The way I work up my loads is to shoot three shots going up in half grain increments for the bigger cartridges and .3 for the smaller one. Then I take the most accurate loads and by retrying the best Loads/groupings I choose. I have had good luck out to 500 yards but not great after that It could be my shooting or...?
This is the same method I started with and it works but a chronograph can save you an awful lot of time and money. On more than one occasion I ended up with a fluke 3 or 5 shot excellent group that I couldn't replicate. So I adjusted and started shooting way more groups to verify, to the point that things got a little silly. When you want to check 6 charge weights and are shooting 3 5 shot groups of each charge it basically an entire box of bullets before you even get to the second phase.

I use the method that dubious explained, here's a more detailed explanation.
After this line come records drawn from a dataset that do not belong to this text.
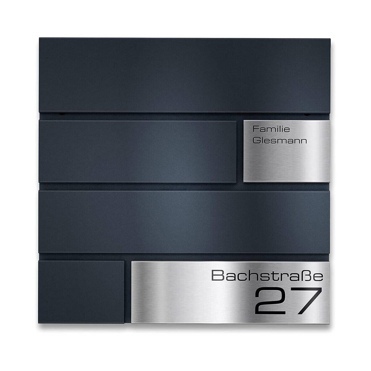 Auf dem Edelstahlschild können Sie Ihre Straße und Hausnummer eingravieren lassen. Für die individuelle Lasergravur können Sie aus zahlreichen verschiedenen Schriftarten wählen. So wird das Schild und Ihr Briefkasten zu einem wertigen Unikat.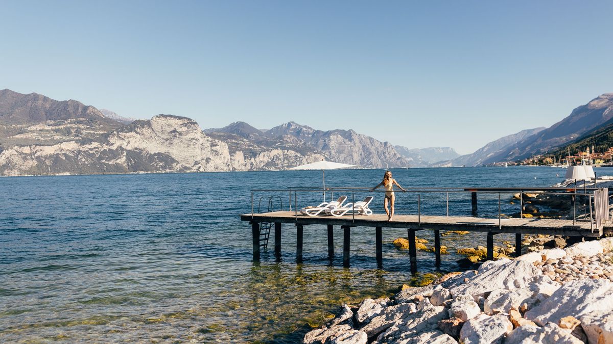 Relaxen, genießen & flanieren am Gardasee. Bei Sonnenuntergang an romantischen Häfen spazieren, durch die wunderschönen Städtchen und Fischerdörfer flanieren und sich von italienischer Lebensart inspirieren lassen: zum Entspannen an unserem Privatstrand mit Bade-Steg, zum prickelnden Relaxen in unserem Whirlpool im Hotelgarten, zu feiner mediterraner Küche – serviert auf unserer Sonnenterrasse mit grandiosem Seeblick.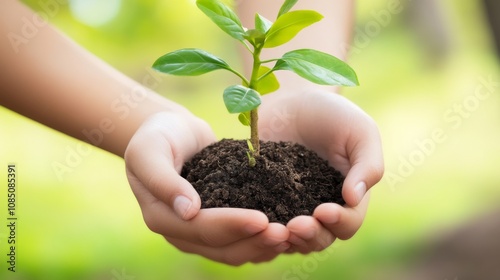 Hands holding a small green plant in soil.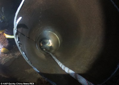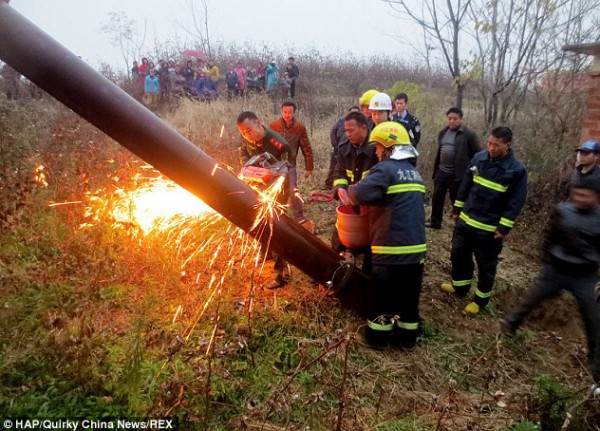 نشرت صحيفة الديلي ميل صورا لعملية نقاذ طفل علق في أنبوبة عميقة .
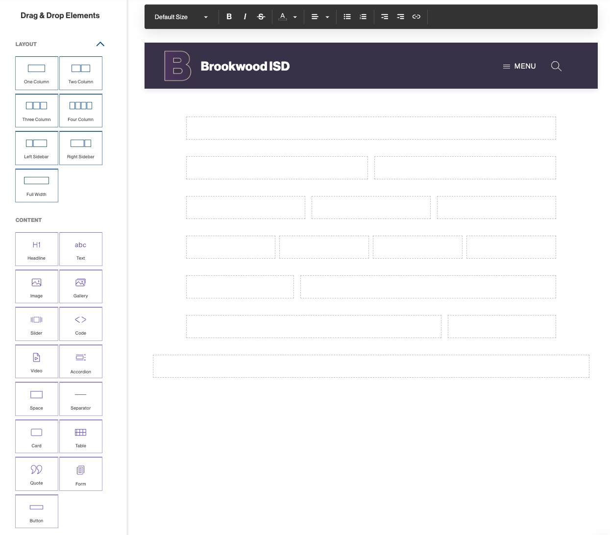 Layout Elements are drag and drop items that can be used to create column layouts on your page.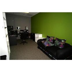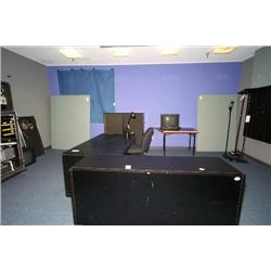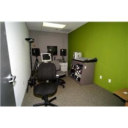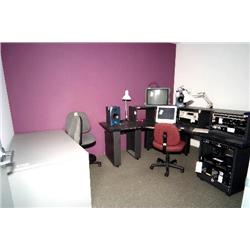 2 desks, chair, bookcase, mobile equipment rack, table, 4 lamps, misc. sound traps, fan - room 129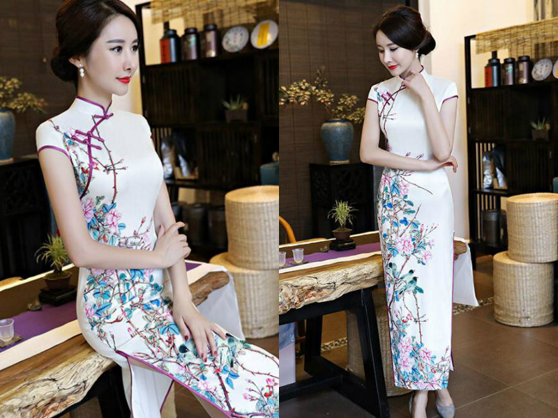 这款旗袍立体剪裁修身版型,凸显女性婀娜多姿的身材,典雅的传统立领勾勒出纤细修长的颈部线条,性感复古的开叉设计,展现女性腿部的优美线条,洁白的纯色,中国风花鸟图点缀衣身,衬托出女性的东方韵味。

https://www.65guys.com/10-round-load...t-ladder-test/

This way I can load up 10 charges in .3gr increments. When you shoot these over the crono you will look for 2 or more adjacent charges that get you similar velocities. Here's an example with made up numbers:

50 2100 fps
50.3 2170 fps
50.6 2200 fps
50.9 2204 fps
51.2 2235 fps

Now this alone doesn't tell you a thing about accuracy but usually you will find that that nice flat spot between 50.6 and 50.9 is going to be consistent. Now that we have that you make up 10 rounds with a charge weight of say 50.7 and head back with your chrono to verify. If all 10 of those rounds are close to each other in velocity, with an Extreme Spread of < 20fps then you can go ahead and start shooting groups. Tweaking the seating depth and brass prep will probably tighten up your group at this point as well.

Right there the chrono has saved you a ton of time and money. As I use a magnetospeed I need to shoot a bit more for those groups, it throws stuff off a bit when it's on the barrel. The labradar would allow you to accomplish both in a single step but at a significant initial cost.

One other note for shooting at 500 and beyond, the most important thing here will be consistent velocity. I'll take a load that has a low velocity spread over one that makes smaller groups for that scenario 100% of the time.

Last edited by midgetwaiter; 06-05-2020 at 01:38 PM.